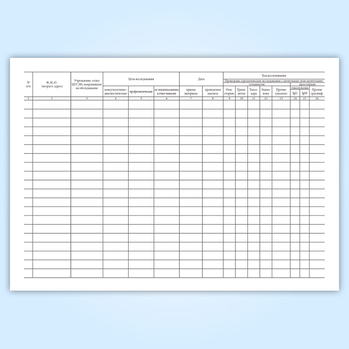 Журнал учета серологических исследований на паразитарные заболевания в Сочи купить
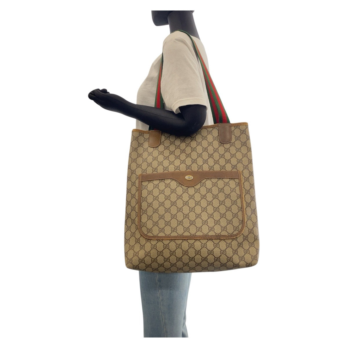 GUCCI Tote Bag 39 02 003 GG Supreme Canvas Brown Old Gucci Shelly Line Interlocking
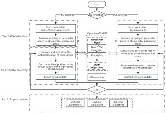Due to the high nonlinearity (i.e., the high-dimensional parameter space and the multi-objective simulations), intelligent evolution considering a stochastic searching strategy based on both population (or global) and individual (or local) evolution was desired to find the global optimal solution, which is also known a the GSA. The GSA of this study, described in Figure 2, used a general framework considering broader flexibility to encourage various global optimizers and/or LSMs updates. It had three sequential modules as follows: Firstly, the optimizer parameter and population were initialized sequentially. Then, global searching that compared the LSM and observations was conducted to find the ongoing mentioned solution with potentially global optima. Finally, the optima were output when the GSA stop criteria were met.
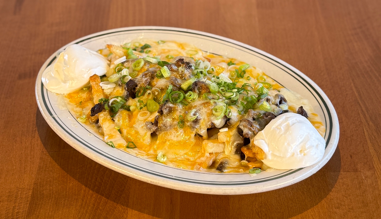 carne asada, fries, cheese, pico, avocado sauce, sour cream, one side
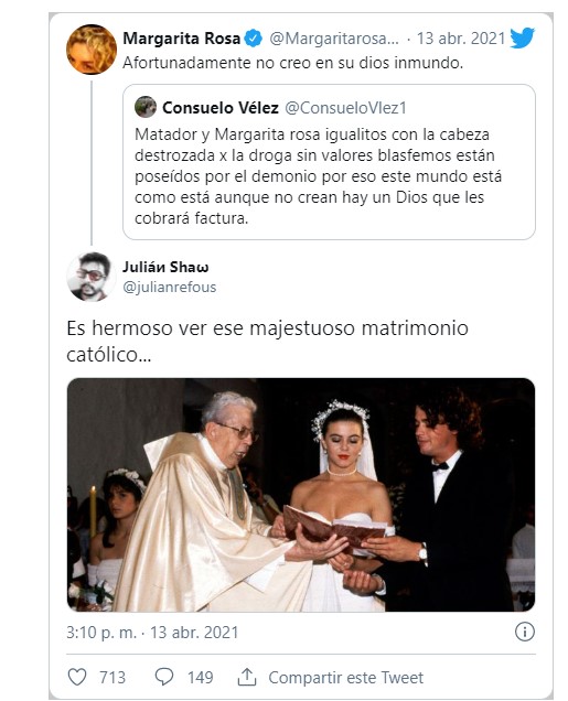 En otras respuestas a Margarita Rosa, varios internautas compartieron una imagen de la boda católica de la actriz con Carlos Vives, recordándole que fue un rito católico.
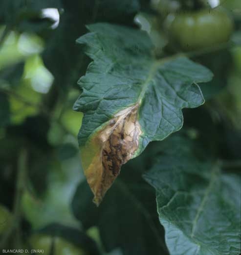 Des taches d'abord brunes et humides sont aussi visibles sur les folioles. Elles se développent souvent à leur périphérie, évoluent rapidement et couvrent des secteurs parfois importants du limbe. Des motifs bruns en arabesques plus ou moins concentriques sont visibles sur les tissus lésés. Ces taches, souvent chlorotiques en périphérie, finissent par se nécroser et se dessécher (figure 3).
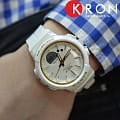 Наручные часы с золотистыми деталями выполнены в лаконичном белом цвете, делая модель универсальным вариантом для любого образа. Они оснащены шагомером, измеряющим количество шагов от 0 до 999999. Мы можем наблюдать отображение пройденных шагов за 5 часов, есть возможность установить ежедневную цель от 1000 до 50000 шагов. Полимерный ударопрочный корпусУдаропрочный корпусМеханизм заключён в корпус, выполненный из современных материалов, устойчивых к ударам, механическим повреждениям и падению с высоты: инновационный пластик, карбон, нержавеющая сталь, титан. отличается устойчивостью к падению и повреждениям, которые неизбежно возникают на занятиях спортом. Японский кварцевый механизм с точностью хода +/- 15 секунд в месяц. Срок службы батарейки составляет 2 года. Минеральное стекло. Светодиодная подсветкаСветодиодная подсветкаСветодиодная или LED-подсветка обеспечивает появление яркого холодного свечения за счёт LED-элементов - маленьких лампочек. Они потребляют минимальное количество энергии, чаще всего можно встретить 1 светодиод, в нижней части циферблата.. Включение и выключение звука кнопок. Автоматический календарь до 2099 года, 5 будильников, отображение второго часового пояса, секундомер, таймер обратного отсчёта. Габариты: 42,6 x 45,2 x 13,3 мм.
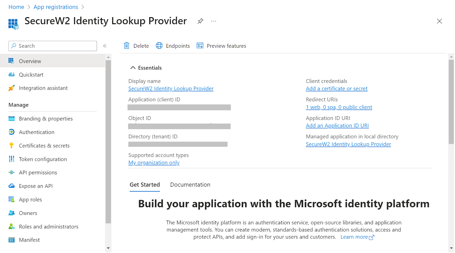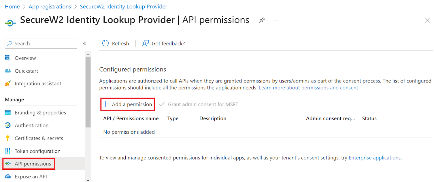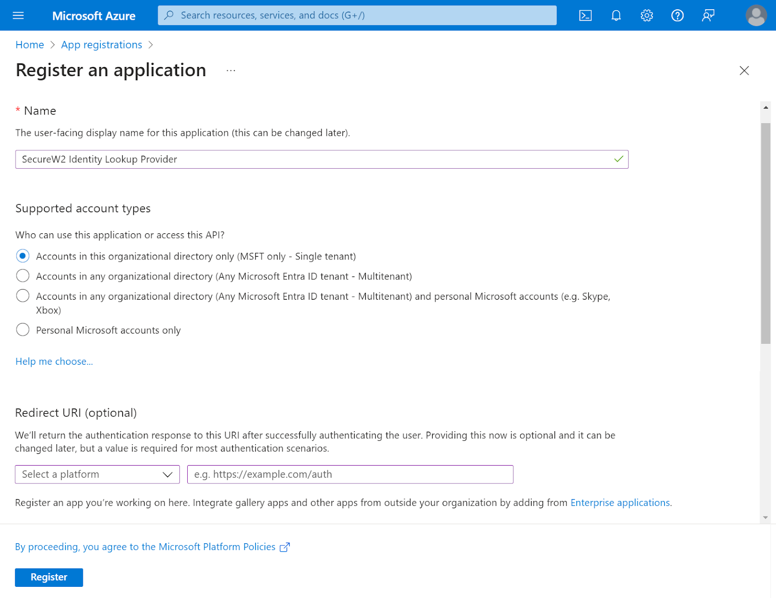 After creating an App in Azure, you need to create an Identity Lookup Provider in SecureW2 to communicate with Azure.

◇ ◇ ◇ ◇

» YOUR TASK:
Would you give the entries above again verbatim, omitting the images they contain?

» THE ANSWER:
 Журнал учета серологических исследований на паразитарные заболевания в Сочи купить
 GUCCI Tote Bag 39 02 003 GG Supreme Canvas Brown Old Gucci Shelly Line Interlocking
Due to the high nonlinearity (i.e., the high-dimensional parameter space and the multi-objective simulations), intelligent evolution considering a stochastic searching strategy based on both population (or global) and individual (or local) evolution was desired to find the global optimal solution, which is also known a the GSA. The GSA of this study, described in Figure 2, used a general framework considering broader flexibility to encourage various global optimizers and/or LSMs updates. It had three sequential modules as follows: Firstly, the optimizer parameter and population were initialized sequentially. Then, global searching that compared the LSM and observations was conducted to find the ongoing mentioned solution with potentially global optima. Finally, the optima were output when the GSA stop criteria were met.
 carne asada, fries, cheese, pico, avocado sauce, sour cream, one side
 En otras respuestas a Margarita Rosa, varios internautas compartieron una imagen de la boda católica de la actriz con Carlos Vives, recordándole que fue un rito católico.
 Des taches d'abord brunes et humides sont aussi visibles sur les folioles. Elles se développent souvent à leur périphérie, évoluent rapidement et couvrent des secteurs parfois importants du limbe. Des motifs bruns en arabesques plus ou moins concentriques sont visibles sur les tissus lésés. Ces taches, souvent chlorotiques en périphérie, finissent par se nécroser et se dessécher (figure 3).
 Наручные часы с золотистыми деталями выполнены в лаконичном белом цвете, делая модель универсальным вариантом для любого образа. Они оснащены шагомером, измеряющим количество шагов от 0 до 999999. Мы можем наблюдать отображение пройденных шагов за 5 часов, есть возможность установить ежедневную цель от 1000 до 50000 шагов. Полимерный ударопрочный корпусУдаропрочный корпусМеханизм заключён в корпус, выполненный из современных материалов, устойчивых к ударам, механическим повреждениям и падению с высоты: инновационный пластик, карбон, нержавеющая сталь, титан. отличается устойчивостью к падению и повреждениям, которые неизбежно возникают на занятиях спортом. Японский кварцевый механизм с точностью хода +/- 15 секунд в месяц. Срок службы батарейки составляет 2 года. Минеральное стекло. Светодиодная подсветкаСветодиодная подсветкаСветодиодная или LED-подсветка обеспечивает появление яркого холодного свечения за счёт LED-элементов - маленьких лампочек. Они потребляют минимальное количество энергии, чаще всего можно встретить 1 светодиод, в нижней части циферблата.. Включение и выключение звука кнопок. Автоматический календарь до 2099 года, 5 будильников, отображение второго часового пояса, секундомер, таймер обратного отсчёта. Габариты: 42,6 x 45,2 x 13,3 мм.
 After creating an App in Azure, you need to create an Identity Lookup Provider in SecureW2 to communicate with Azure.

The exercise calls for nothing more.